REQUIRED ACTION -> Nothing but the lines from the first line of the entries through the line with "歌派(GEPAD)4級保密專業(yè)銷毀碎紙機(單次35張 持續(xù)24小時 85L" should appear in the answer, transcribed exactly and free of pictures.

RECORDS PROVIDED ->
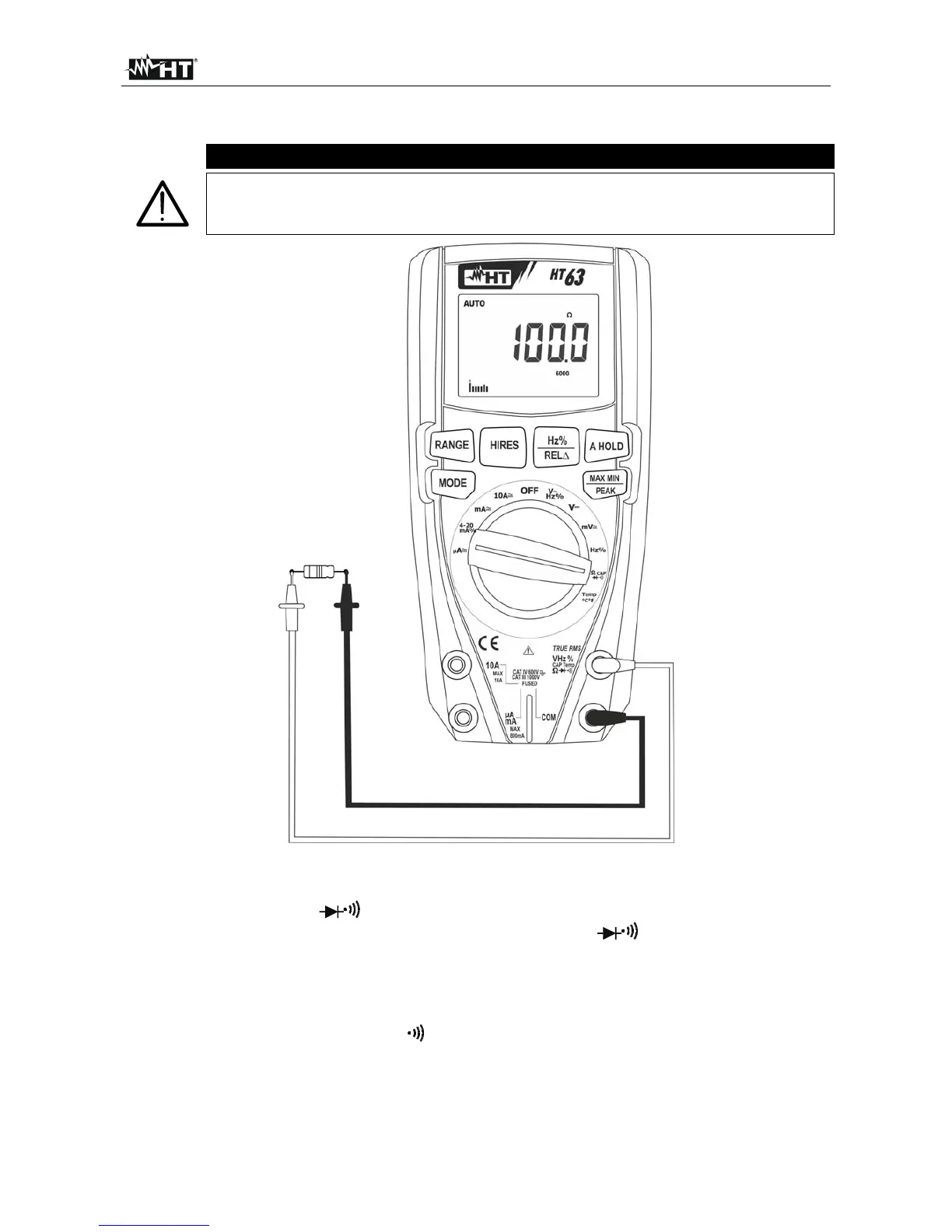 5. Press the MODE key to select “ ” measurement, relevant to the continuity test, and
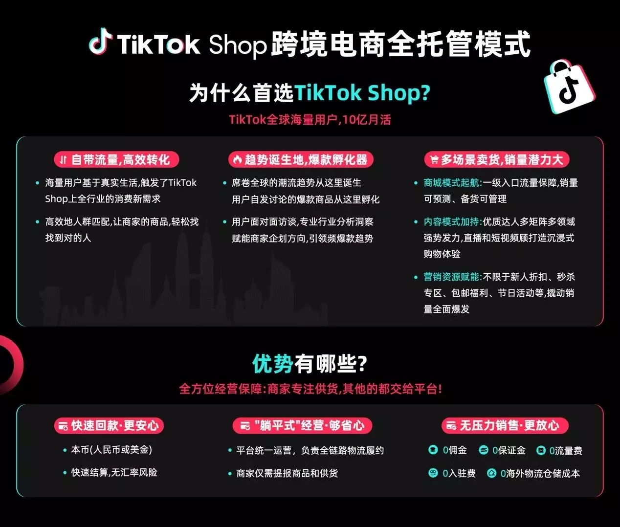TikTok Shop跨境電商5月16日宣告推出“全保管”運營形式,為商家供給更為快捷、高效的銷售渠道。商家只需供給產品供貨,減輕了運營本錢和危險,
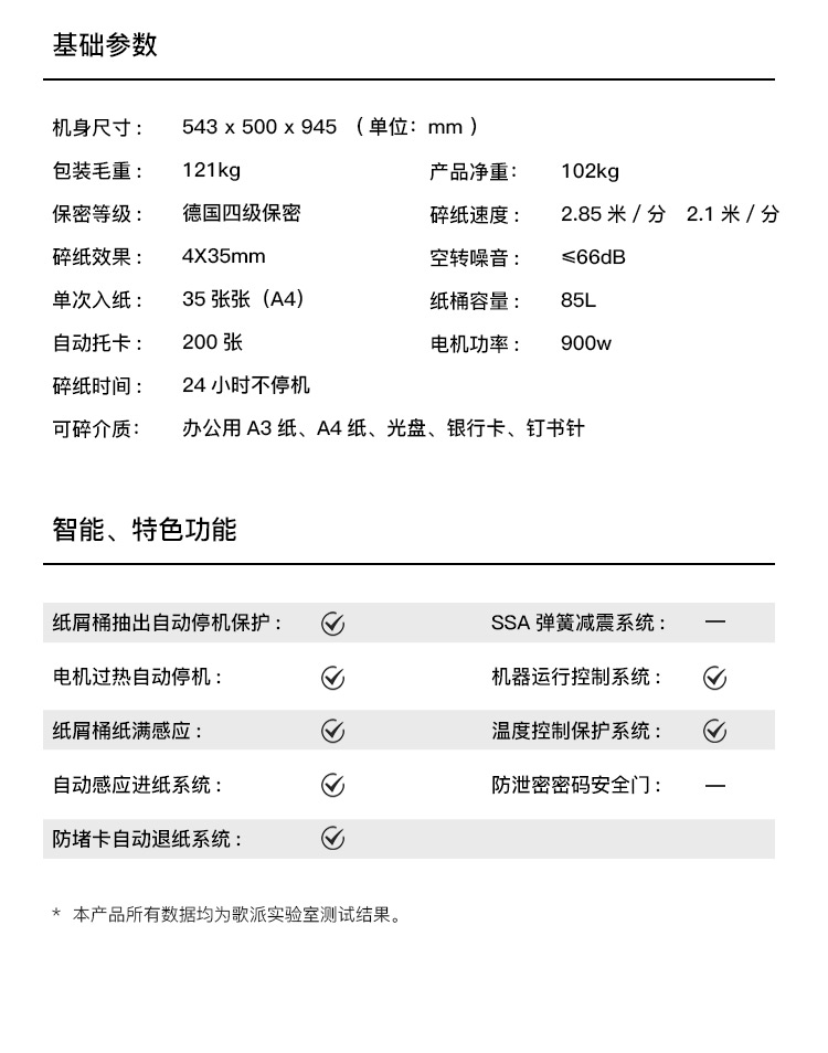 歌派(GEPAD)4級保密專業(yè)銷毀碎紙機(單次35張 持續(xù)24小時 85L 可碎卡、光盤)GS-200K 自營
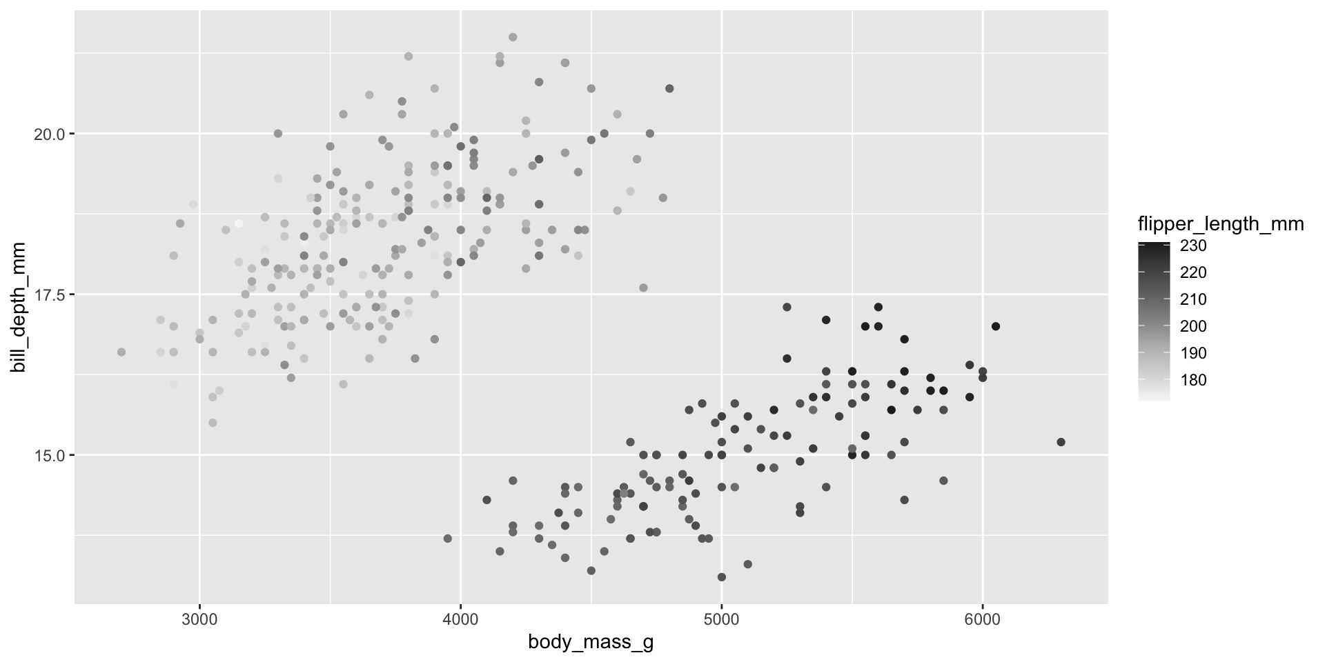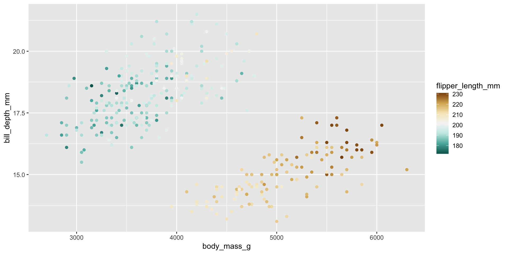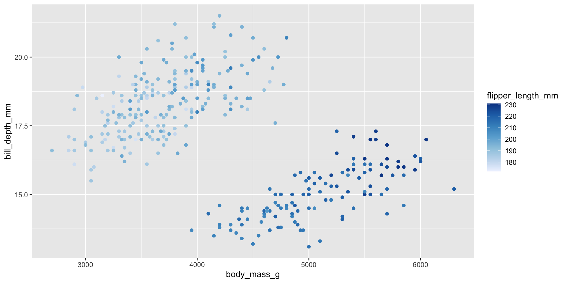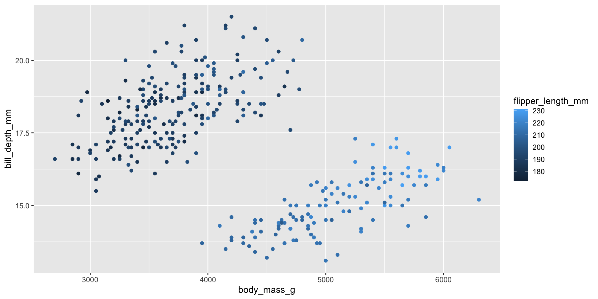 I’d like to show the flipper length as a third variable. flipper_length_mm is a continuous and numeric variable. We can color by it.
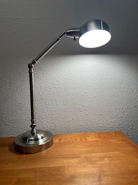 Quality Vintage Adjustable Brushed Nickel Desk Lamp with Round Dome Shade: Great condition!
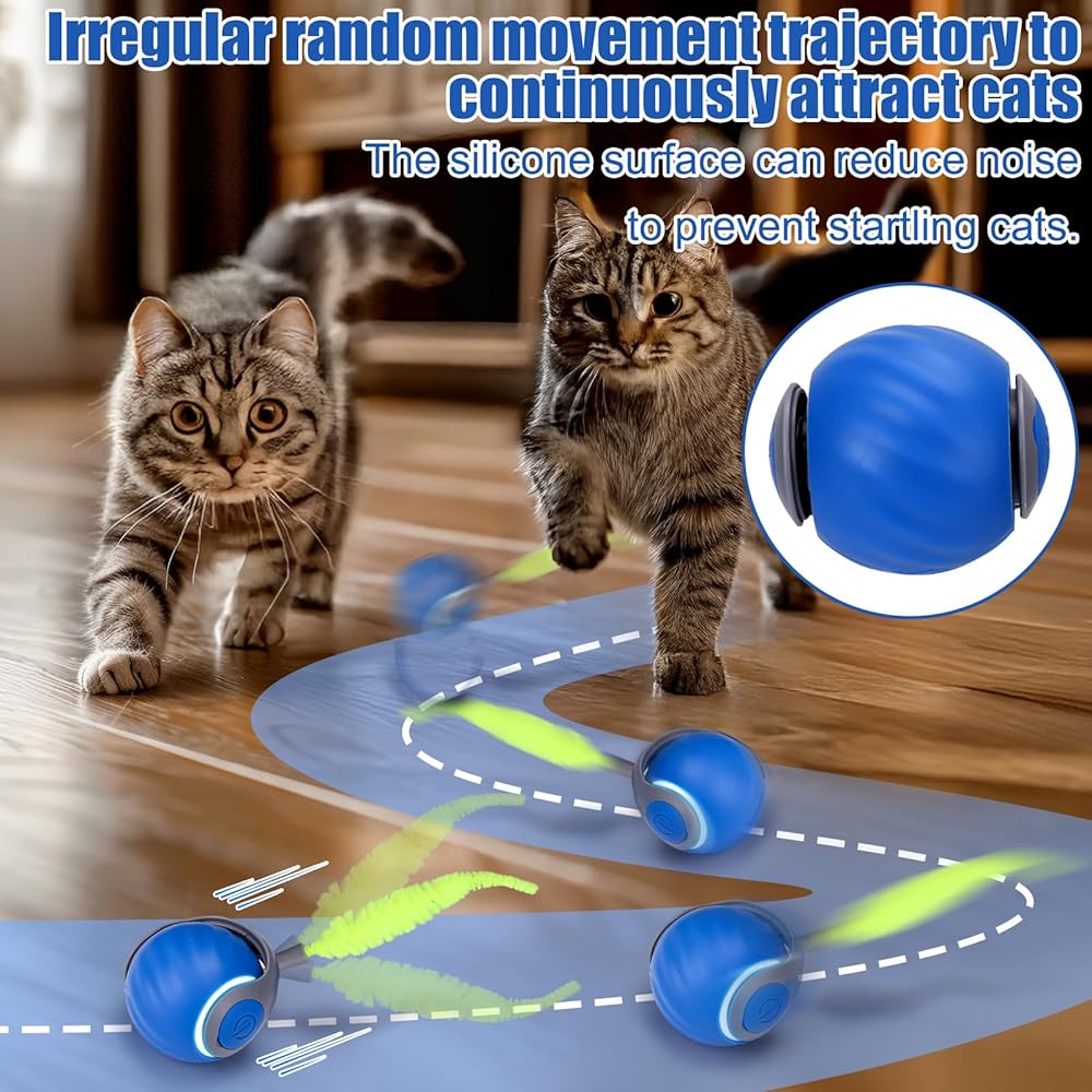 Two-Speed Adjustment: Whether it's a slow-moving cat or an energetic one, this interactive cat ball toy can meet the exercise needs of different cats with two-speed adjustment. It also adapts to different surfaces, ensuring stable operation whether on long-pile carpets or grass
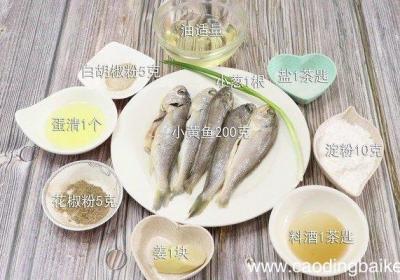 步骤1准备材料:小黄鱼200克、淀粉10克、蛋清1个、油适量、盐1茶匙、白胡椒粉5克、花椒粉5克、料酒1茶匙、小葱1根、姜1块 。步骤2小黄鱼洗净打上花刀 。步骤3姜切片 。步骤4小葱切葱花 。步骤5碗中放入小黄鱼、白胡椒粉、花椒粉、料酒、...
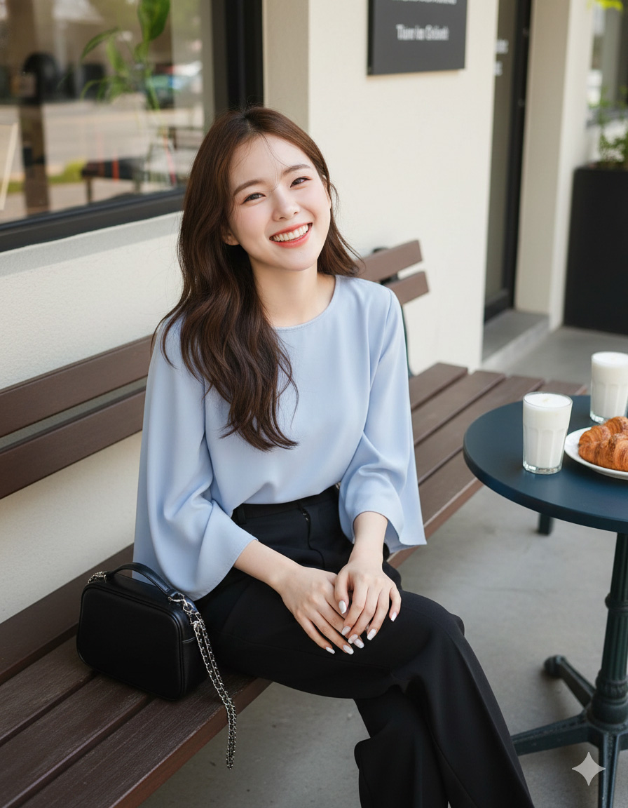 Posture: Sitting sideways at a café table, hands resting naturally, eyes looking toward the camera.
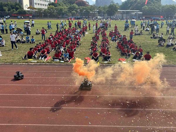 文艺汇演节目创意无限,精彩纷呈。各班级活力满满的舞蹈点燃激情,深情演绎的爱国节目振奋人心,各具特色的创意展示令人耳目一新。丰富多样的表演引来阵阵喝彩,充分展现了桂电中学、桂电附属学校学子的创新思维和青春风采。桂林航天工业学院探天飞行表演队、桂林信息科技学院GIRT机器人实验室分别带来航模飞机表演、机器人表演,将开幕式推向高潮。
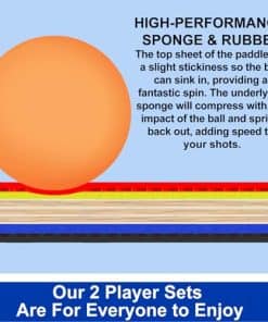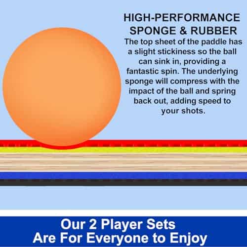 1. ESPONJA Y GOMA DE ALTO RENDIMIENTO – las capas superiores de cada pala tienen un ligero pegamento para que la pelota se hunda, proporcionando un fantástico giro. La capa de esponja subyacente se comprimirá con el impacto de la pelota y volverá a salir como un trampolín, agregando velocidad a tus tiros.
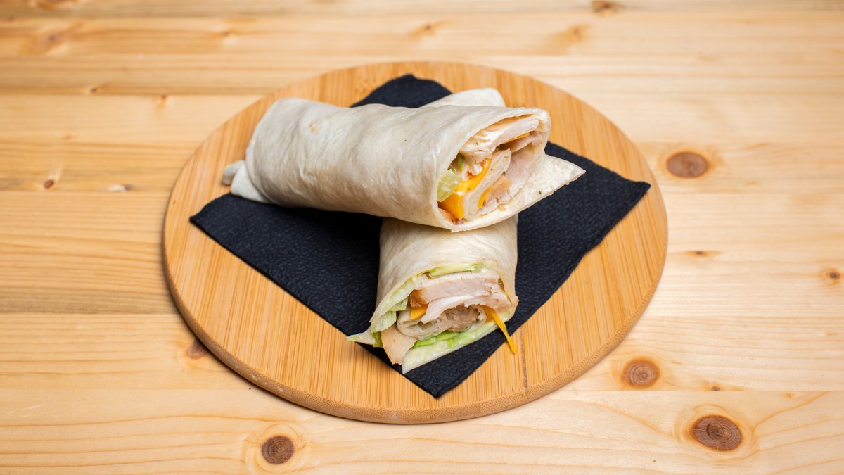 Wrap with chicken, caesar sauce, cheddar cheese, lettuce and tomato
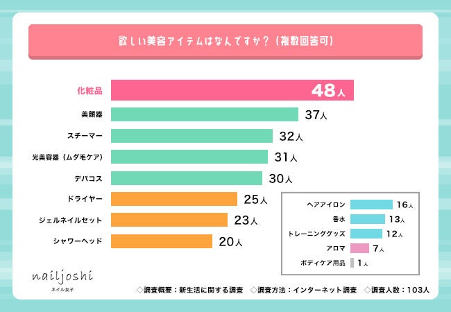 また、7位には「ジェルネイルセット」(23人)がランクイン。自宅でプロ並みのネイルケアを楽しめるジェルネイルセットは、初任給で自己投資したいアイテムとして人気を集めているようです。
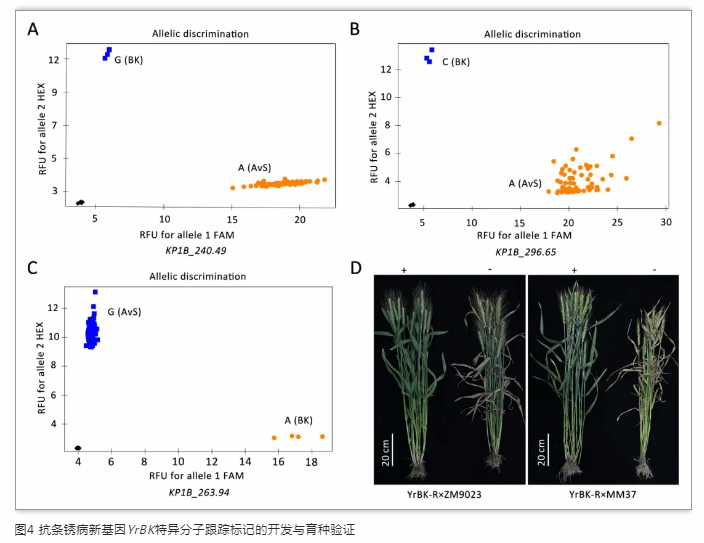 研究团队通过构建“白壳和尚麦”与感病品种Avocet S的重组自交系群体,结合混池的外显子捕获测序技术,发现该农家种条锈病抗性由两个基因共同控制:一个为主效全生育期抗病基因YrBK,另一个为已知的成株抗性基因Yr18。多环境表型鉴定发现,YrBK与Yr18分别贡献12.47%~30.32%和9.74%~20.56%的表型变异,且二者具有显著的加性抗病遗传效应。为进一步精细定位YrBK,团队利用一个包含4474个单株的次级作图群体成功将YrBK锁定在1B染色体臂一个仅0.181 cM的遗传区间内。然而,该区间靠近着丝粒区域,对应一个约56 Mb的物理区域,存在严重的重组抑制现象,增加了图位克隆的难度。值得关注的是,通过整合遗传定位与条锈菌多小种苗期抗谱反应特征分析,研究确认YrBK不同于该区域已报道的其他条锈病抗性基因,是一个尚未被现代育种利用的新基因。为推进该基因的育种利用,团队开发了与该基因共分离的KASP分子标记,并在不同遗传背景材料中验证了其高效性和稳定性。该研究不仅为小麦抗条锈病育种提供了可用的新基因源和分子辅助选择标记,也为下一步YrBK的克隆与功能解析奠定了坚实基础。
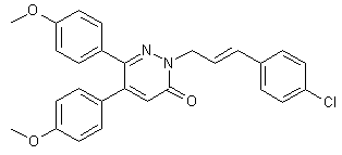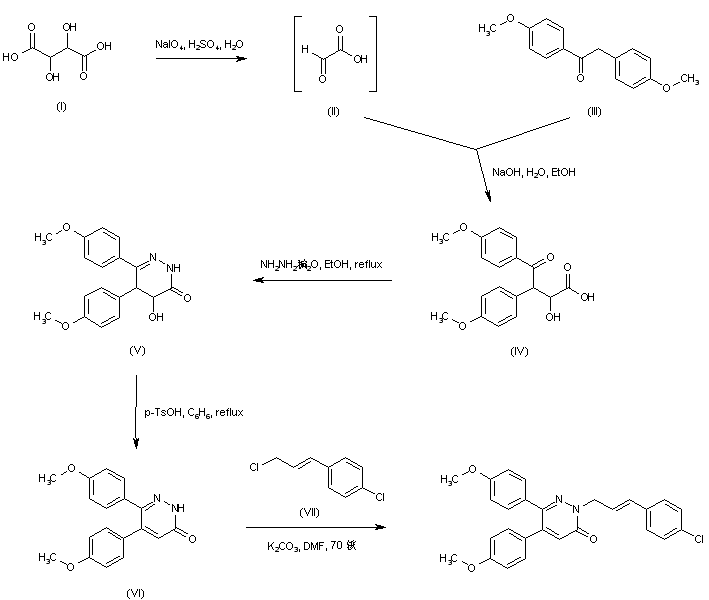 Glyoxylic acid (II), generated in situ by oxidative cleavage of tartaric acid (I) with sodium periodate, was condensed with deoxyanisoin (III) to provide the aldol adduct (IV). Cyclization of hydroxyacid (IV) with hydrazine gave rise to the hydroxy dihydropyridazinone (V), which was further dehydrated to (VI) upon treatment with p-toluenesulfonic acid in refluxing benzene. Finally, alkylation of pyridazinone (VI) with 4-chlorocinnamyl chloride (VII) in the presence of potassium carbonate furnished the title compound.

REPLY TO THE TASK ->
 5. Press the MODE key to select “ ” measurement, relevant to the continuity test, and
TikTok Shop跨境電商5月16日宣告推出“全保管”運營形式,為商家供給更為快捷、高效的銷售渠道。商家只需供給產品供貨,減輕了運營本錢和危險,
 歌派(GEPAD)4級保密專業(yè)銷毀碎紙機(單次35張 持續(xù)24小時 85L 可碎卡、光盤)GS-200K 自營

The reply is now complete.